To do: Look for the line containing "Displaying a stunning" and the line containing "ERP icons show" in the entries below. Copy those two and all lines between them exactly, leaving out pictures.

Data supplied:
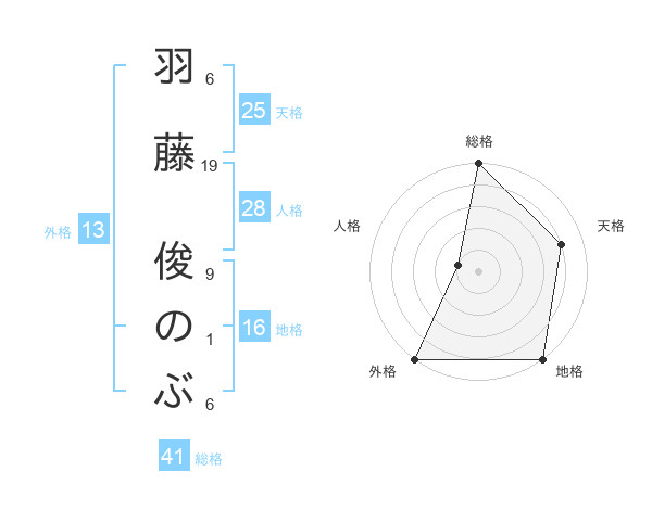 羽藤 俊のぶさんの外格は13画の5点!
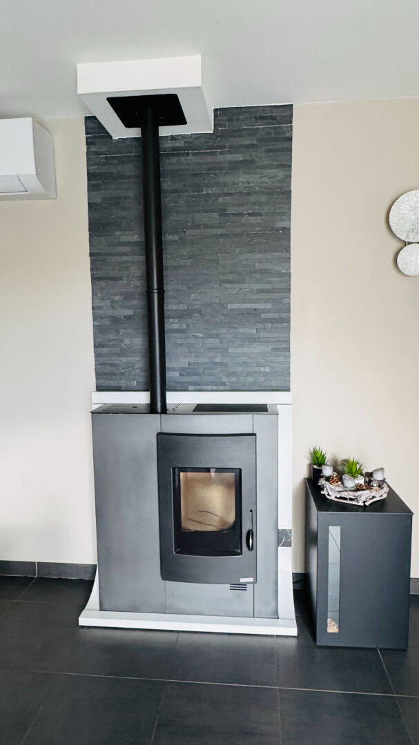 Dès l'entrée vous accédez à la pièce de vie agrémentée d'un poêle à bois, sa cuisine aménagée et équipée et un vaste salon avec espace bureau fermé par verrière, le tout avec accès direct sur la terrasse.
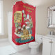 Möchten Sie Ihren Gästen ein kleines Bad geben? Stellen Sie sich eine lustige Weihnachtskatze in einer Kiste vor. Man kann sich vorstellen, was das bezaubernde, unversehrte Kätzchen vor sich hat. Personalisieren Sie es mit Ihrem Namen oder dem Namen des Empfängers. Ändern Sie "Frohe Weihnachten" in "Merry Cx#8#xmas" für ein extra Lächeln. Eine hängende goldene Leinwand zeigt ein humorvolles Zitat für diejenigen, die in Ihr Bad gehen. Der Hintergrund ist ein lebendiges Weihnachtsrot. Die Szene zeigt eine in den Weihnachtsbeleuchtung eingerichtete Badezimmerecke mit Badewanne, Waschbecken, Spiegel, Stuhl, Pflanze und einem Teppichboden. Die Katze trägt eine Weihnachtsmannmütze und ein Halsband mit Weihnachtsbeleuchtung und sitzt in einer Kiste, die mit einem goldenen Band und farbenfrohen Ornamenten geschmückt ist.
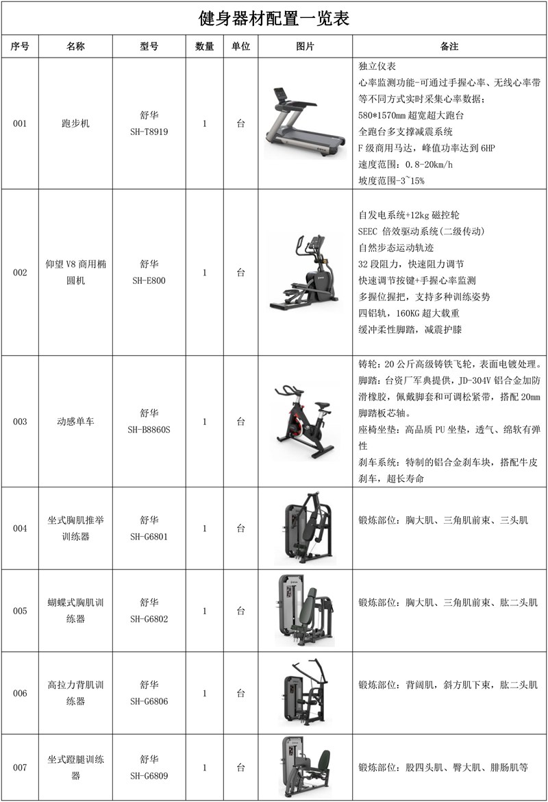 1.huatihuiV9智能跑步机SH-T8919*5台-独立仪表-简洁大气,全新外观设计,健康运动新选择;心率监测功能,可通过手握心率、无线心率带等不同方式实时采集心率数据;580*1570mm超宽超大跑台-跑感舒适,跑台整体安全稳定;全跑台多支撑减震平台,保证跑台超强支撑力,达到180kg支撑,满足专业健身房需求。F级商用马达-超强马达,AC 3.0HP 交流,峰值功率达到6HP,F级商用品质。速度范围达到0.8-20km/h;V9跑步机可实现跑台扬升功能,坡度范围-3~15%,满足客户不同的锻炼需求。
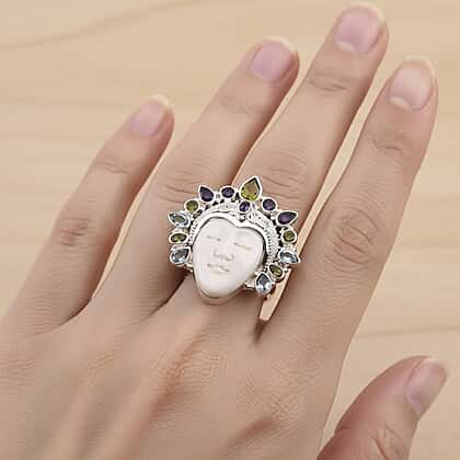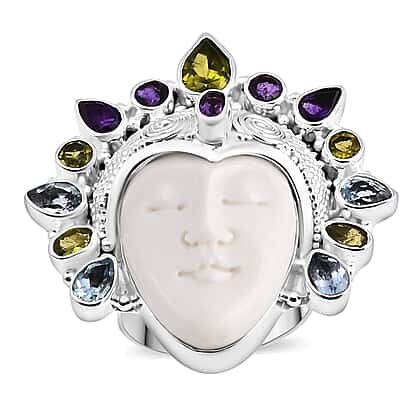 Displaying a stunning ring that features a smooth and hand-carved ox bone face framed by a bright mix of Peridot, Swiss Blue Topaz and African Amethyst. The gemstones create a vivid halo around the central carving, adding colour and depth to the bold sterling silver setting. Crafted in hypoallergenic 925 sterling silver, this ring offers durability and an enduring shine while remaining comfortable for sensitive skin. Designed to stand out, the piece blends cultural influences with artistic detail, making it ideal for those who enjoy expressive, meaningful jewellery with strong personality and craftsmanship.
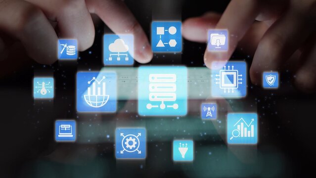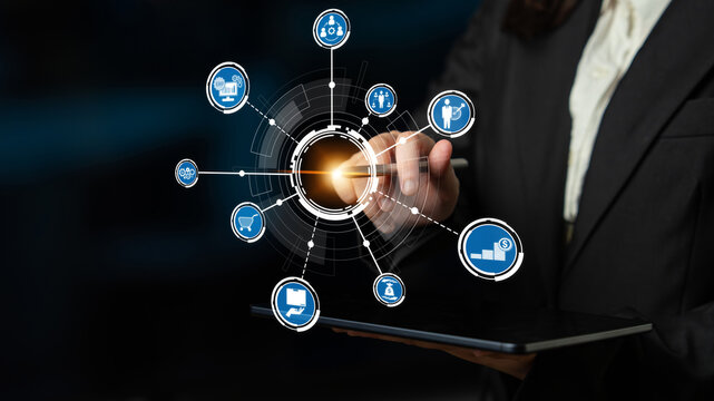 ERP icons show management, integration, and business process. ERP supports data management, ERP efficiency, and ERP organizational solutions. Gist
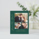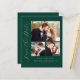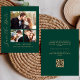Cette simple et minimaliste carte Save the Date comporte un collage de 3 photos, avec une photo horizontale en haut et deux photos carrés ci-dessous. Les mots "Save the Date" s'affichent verticalement vers le haut de la marge gauche dans un élégant script d'écriture manuscrite de couleur or. Les noms du couple, la date du mariage et la ville apparaissent sous le collage photo en sans serif font sur un arrière - plan vert émeraude. Ajoutez un message plus détaillé avec des informations supplémentaires sur le dos, ainsi qu'un code QR pour aider vos invités à visiter votre site mariage.

Solution to the problem:
 Displaying a stunning ring that features a smooth and hand-carved ox bone face framed by a bright mix of Peridot, Swiss Blue Topaz and African Amethyst. The gemstones create a vivid halo around the central carving, adding colour and depth to the bold sterling silver setting. Crafted in hypoallergenic 925 sterling silver, this ring offers durability and an enduring shine while remaining comfortable for sensitive skin. Designed to stand out, the piece blends cultural influences with artistic detail, making it ideal for those who enjoy expressive, meaningful jewellery with strong personality and craftsmanship.
 ERP icons show management, integration, and business process. ERP supports data management, ERP efficiency, and ERP organizational solutions. Gist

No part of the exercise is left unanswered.